European Union finance ministers have drawn back from a confrontation with France over its budget deficit, which is set to breach the Stability and Growth Pact for the third year in succession next year, writes Denis Staunton, European Correspondent.
After a four-hour meeting of euro-zone finance ministers on Monday night, most ministers yesterday expressed sympathy with France in its efforts to reduce its budget deficit without damaging economic growth. France has been given an extra year to bring its deficit below 3 per cent.
The Minister for Finance, Mr McCreevy, said that there was a clear recognition that France was making efforts to bring its deficit under control.
"The French government have been addressing this issue. A lot of member-states felt the French weren't taking this as seriously as other member states thought they should, but that is no longer the case.
"I'm not saying there was ever justification for that particular view, but a lot of people had that type of opinion," he said.
France expects its budget deficit to be 3.6 per cent in 2004, compared with around 4 per cent this year.
Under euro-zone rules, Paris could be fined for breaching the budget ceiling for the third year running.
During the next two weeks, the European Commission will make recommendations to Paris about how it should get its budgetary house in order.

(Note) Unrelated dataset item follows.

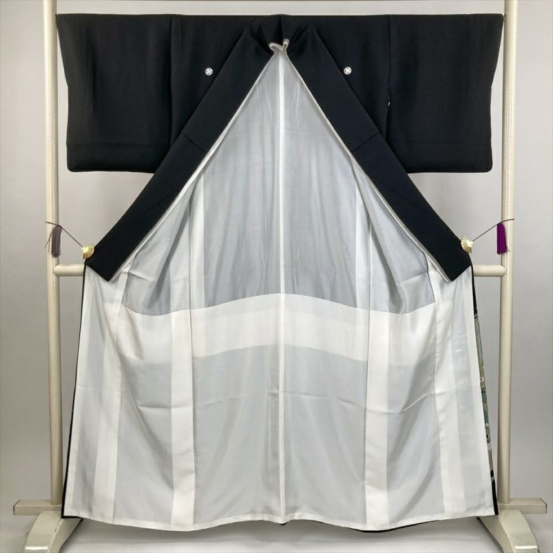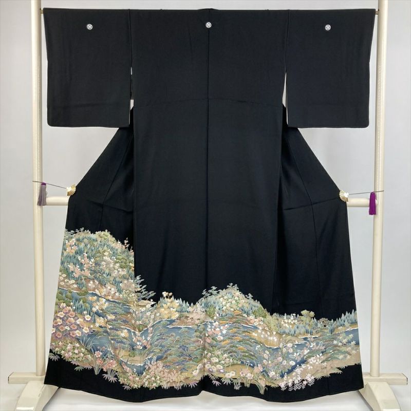 (中古) 黒留袖 黒 フォーマル 四季花 庭園 袷 絹 【身丈】156cm【裄丈】67cm

Finance ministers meet again in November and, although Austria and the Netherlands yesterday repeated their demands for tough action against France, most ministers believe that drastic action could push the euro-zone's second largest economy into recession.
The ministers yesterday gave a broad welcome to the Commission's proposal to boost economic growth in the EU by investing €220 billion in major European infrastructure projects. Some ministers expressed reservations, however, about part of the plan which would triple the level of EU aid for such projects.
Mr McCreevy gave the proposal a cautious welcome but said that some important details remained to be clarified.
The ministers approved an Investment Services Directive that will require banks and investment firms to make public any "normal market sized" transaction on the stock market.
Ireland, Britain and two other countries voted against the measure, which they believe will put European financial services companies at a disadvantage in competing with US firms.